WORK TASK:
Only the lines from the start of the data through the line with "Räucherstäbchenhalterhütte aus hellgrünem" belong in the copy. Restate them word for word, minus the pictures.

==== STORED DATA ====

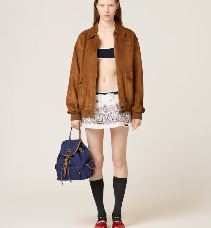 Jacket brown taupe made in 100% suede leather. Long sleeves finished with buckled cuffs on the shoulder. Front pockets and chest flap pockets. Front zip fastening and button-down storm flap. " Miu Miu Vibes"
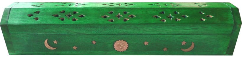 Räucherstäbchenhalterhütte aus hellgrünem Holz Mond & Sonne 30cm
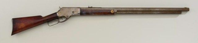 Marlin Model 1881 Special Order rifle, .45-70 cal., 30” heavy octagon barrel, double set triggers, #5180. This rifle comes with a signed letter of provenance stating the rifle belonged to Dr. DeCock who was an MD whotreated an Indian Chief in the Southern California high desert area and was given the rifle 50 years ago or more for his services. The rifle shows a small brass plaque attached to the front of the fore end with an Indian Sun symbol-type design. The metal surfaces show a grey/brown patina with slight traces of blue mixed in, some scattered light to moderate erosion, pin prick pitting; the barrel address is good, edges fairlysharp; the stock is fair to good with split and repair to fore-end, two large cracks in the butt stock and large loss of wood along top edge on left side of fore end. The action is good, the bore is fair to good and clean, the barrel measures 7/8” across the center; the front sight is a period rocky mountain blade type in the original post, set in the correct dovetail with a period or factory rear sight, also in its correct position. A
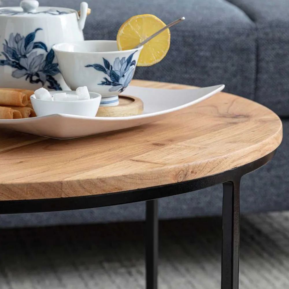 - Trendstarker Couchtisch in Akazie Naturfarben und Schwarz

====

WRITTEN RESPONSE:
 Jacket brown taupe made in 100% suede leather. Long sleeves finished with buckled cuffs on the shoulder. Front pockets and chest flap pockets. Front zip fastening and button-down storm flap. " Miu Miu Vibes"
 Räucherstäbchenhalterhütte aus hellgrünem Holz Mond & Sonne 30cm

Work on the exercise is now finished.